**Problem requirements**
Below this line is the material. Write out only its lines from the one containing "High neck dress" through the one containing "Et snøhode gjør", both kept, exactly.

**Data under study**
※
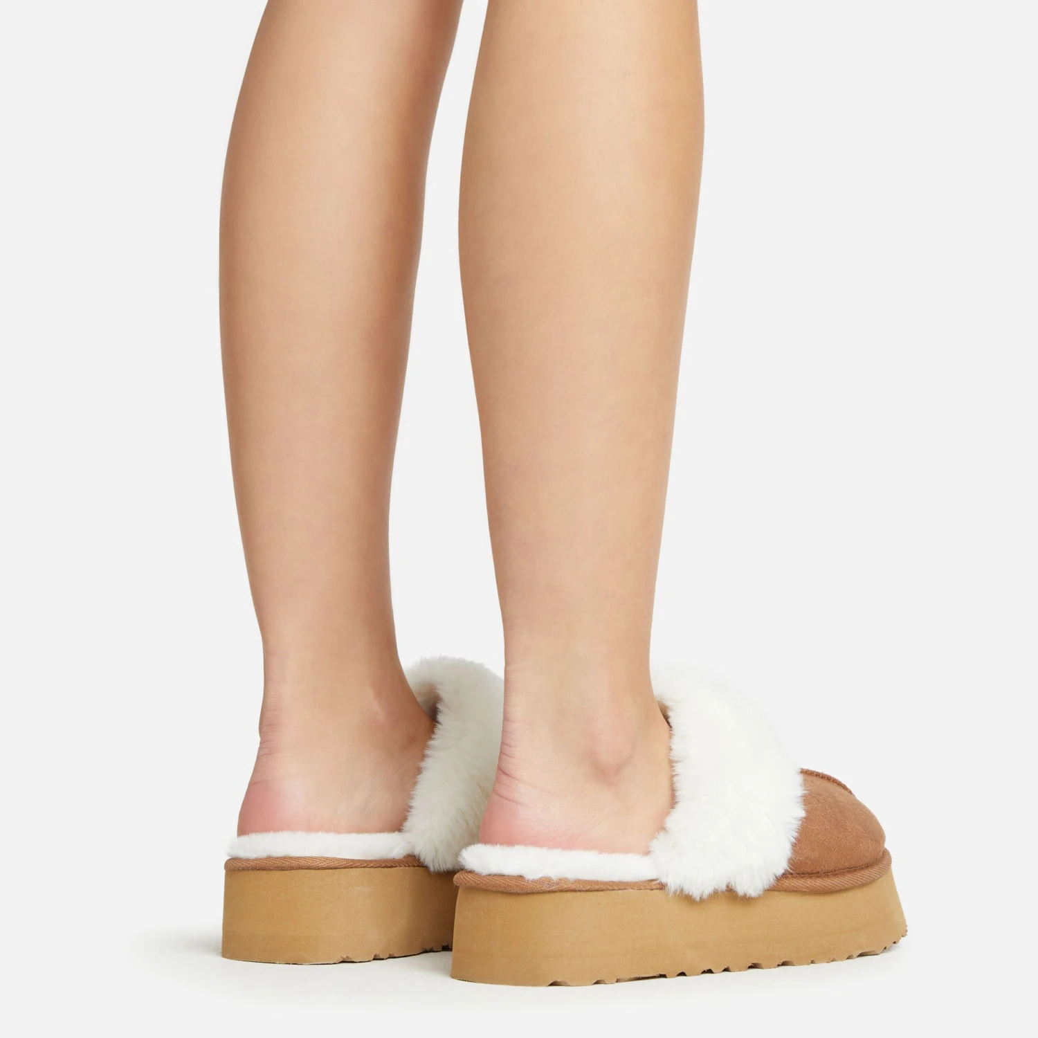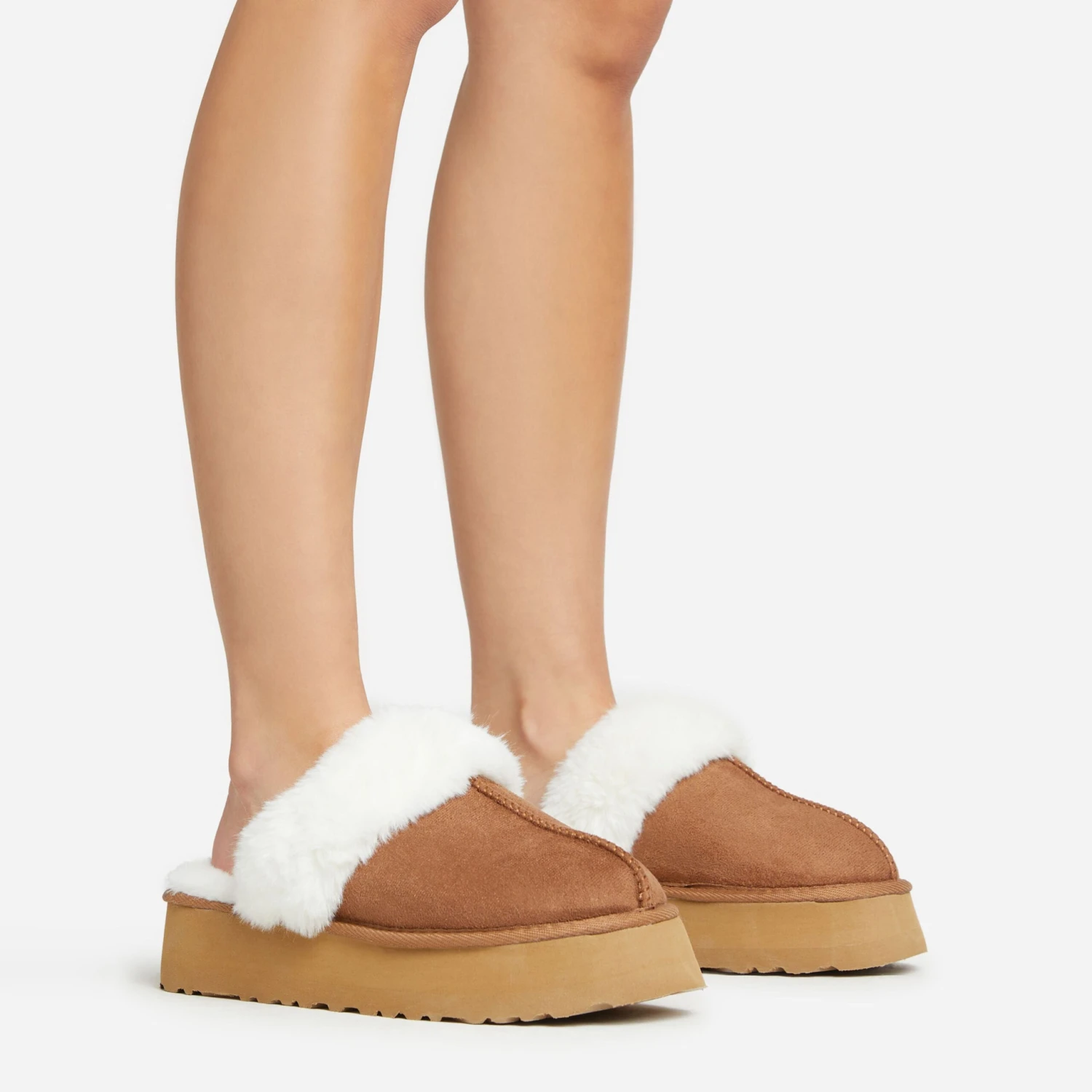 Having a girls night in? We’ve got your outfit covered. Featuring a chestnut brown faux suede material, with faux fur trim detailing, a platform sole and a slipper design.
※
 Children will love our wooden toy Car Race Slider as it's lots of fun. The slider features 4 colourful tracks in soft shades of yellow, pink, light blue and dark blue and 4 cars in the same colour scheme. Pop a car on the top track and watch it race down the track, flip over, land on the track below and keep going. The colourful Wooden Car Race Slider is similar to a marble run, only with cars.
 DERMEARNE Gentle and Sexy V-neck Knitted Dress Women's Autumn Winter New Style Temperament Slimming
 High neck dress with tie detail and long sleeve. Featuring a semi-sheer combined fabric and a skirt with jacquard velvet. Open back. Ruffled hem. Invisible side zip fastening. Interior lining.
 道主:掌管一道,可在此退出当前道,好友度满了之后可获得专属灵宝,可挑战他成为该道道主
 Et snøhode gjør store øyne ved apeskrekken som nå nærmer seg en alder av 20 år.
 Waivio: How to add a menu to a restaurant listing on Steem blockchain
※
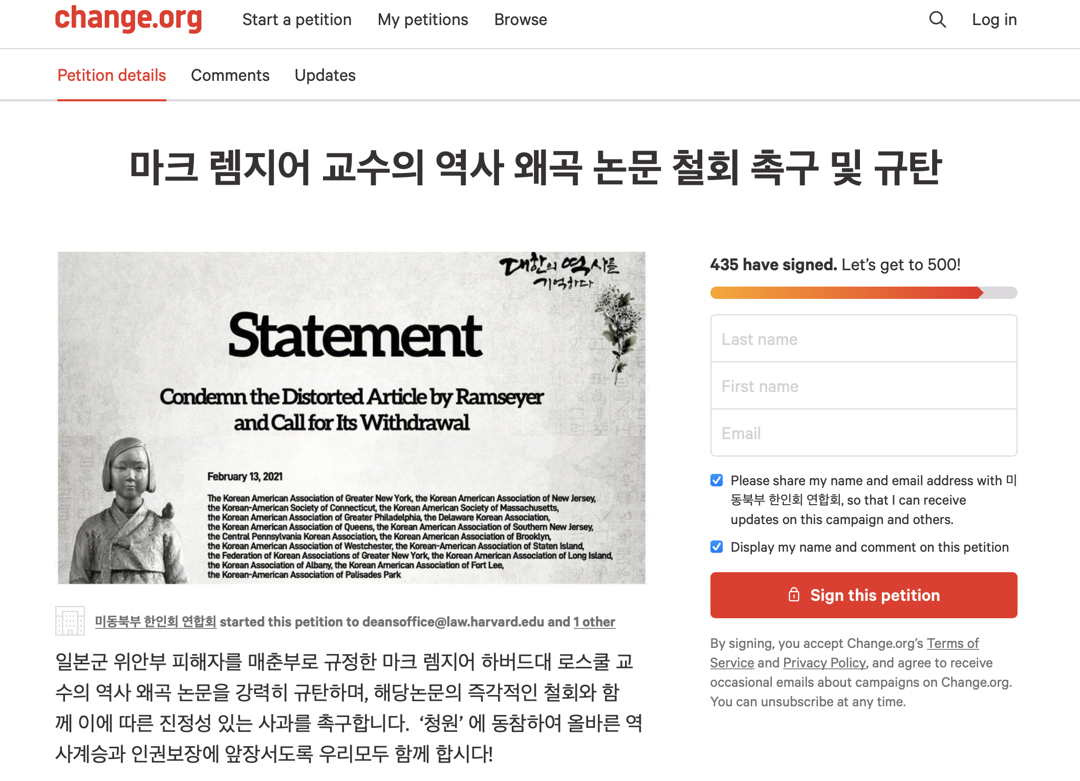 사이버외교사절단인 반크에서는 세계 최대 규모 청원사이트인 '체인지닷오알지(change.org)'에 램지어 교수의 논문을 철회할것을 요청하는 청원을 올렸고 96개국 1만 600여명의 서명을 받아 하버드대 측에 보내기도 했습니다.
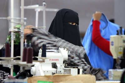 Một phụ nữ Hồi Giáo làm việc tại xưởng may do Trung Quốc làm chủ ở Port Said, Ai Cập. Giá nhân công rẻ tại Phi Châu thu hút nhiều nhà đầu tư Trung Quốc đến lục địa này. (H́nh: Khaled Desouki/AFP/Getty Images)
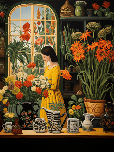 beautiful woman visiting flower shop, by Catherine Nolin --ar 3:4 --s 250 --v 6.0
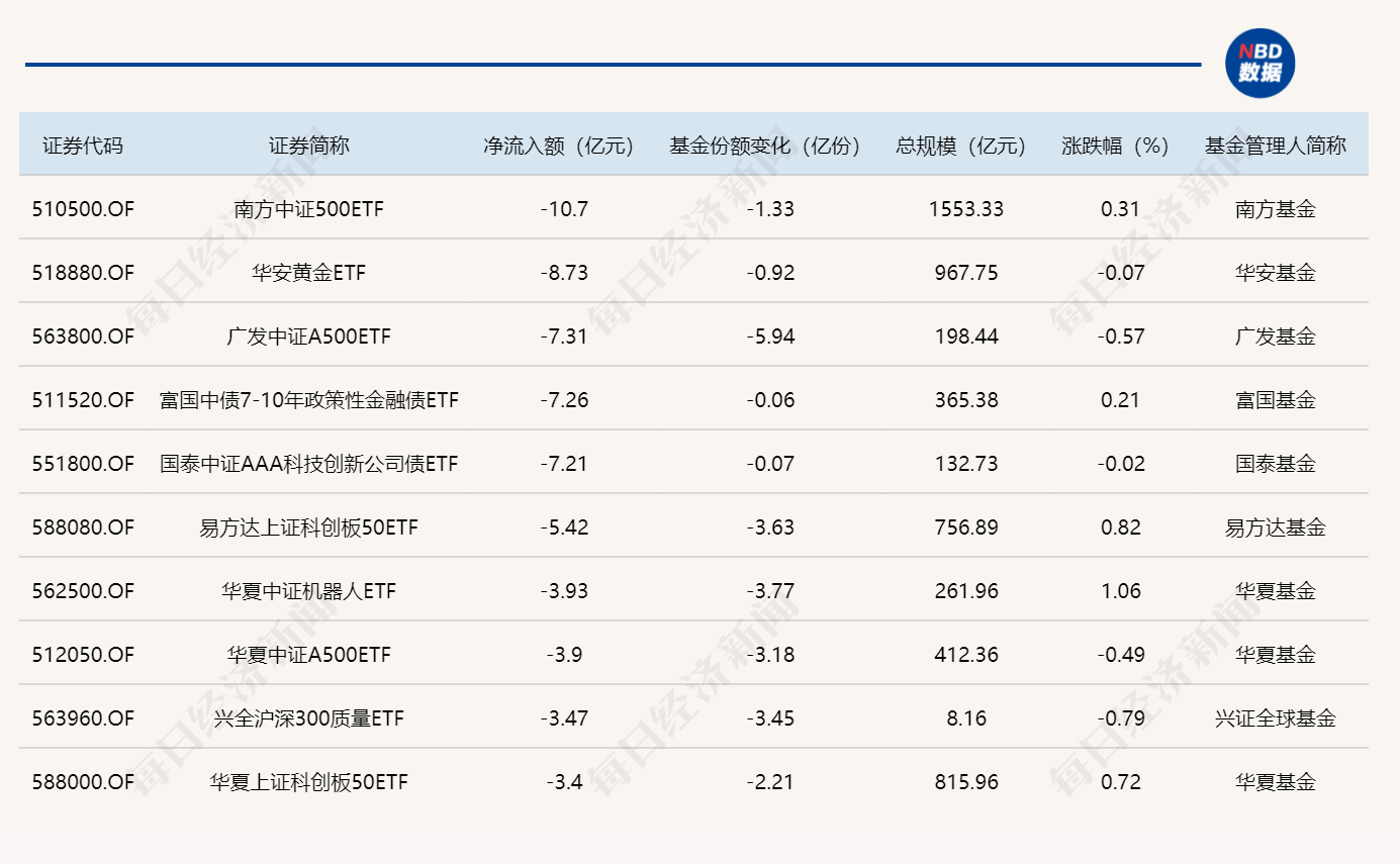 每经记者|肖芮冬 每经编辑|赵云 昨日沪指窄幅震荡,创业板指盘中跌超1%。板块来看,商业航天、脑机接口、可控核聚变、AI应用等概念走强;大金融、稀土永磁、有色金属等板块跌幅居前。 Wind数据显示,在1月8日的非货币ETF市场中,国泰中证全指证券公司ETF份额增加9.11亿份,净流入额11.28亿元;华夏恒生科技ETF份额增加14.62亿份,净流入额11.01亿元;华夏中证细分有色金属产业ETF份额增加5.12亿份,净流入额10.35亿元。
※
**Reply to the task**
 High neck dress with tie detail and long sleeve. Featuring a semi-sheer combined fabric and a skirt with jacquard velvet. Open back. Ruffled hem. Invisible side zip fastening. Interior lining.
 道主:掌管一道,可在此退出当前道,好友度满了之后可获得专属灵宝,可挑战他成为该道道主
 Et snøhode gjør store øyne ved apeskrekken som nå nærmer seg en alder av 20 år.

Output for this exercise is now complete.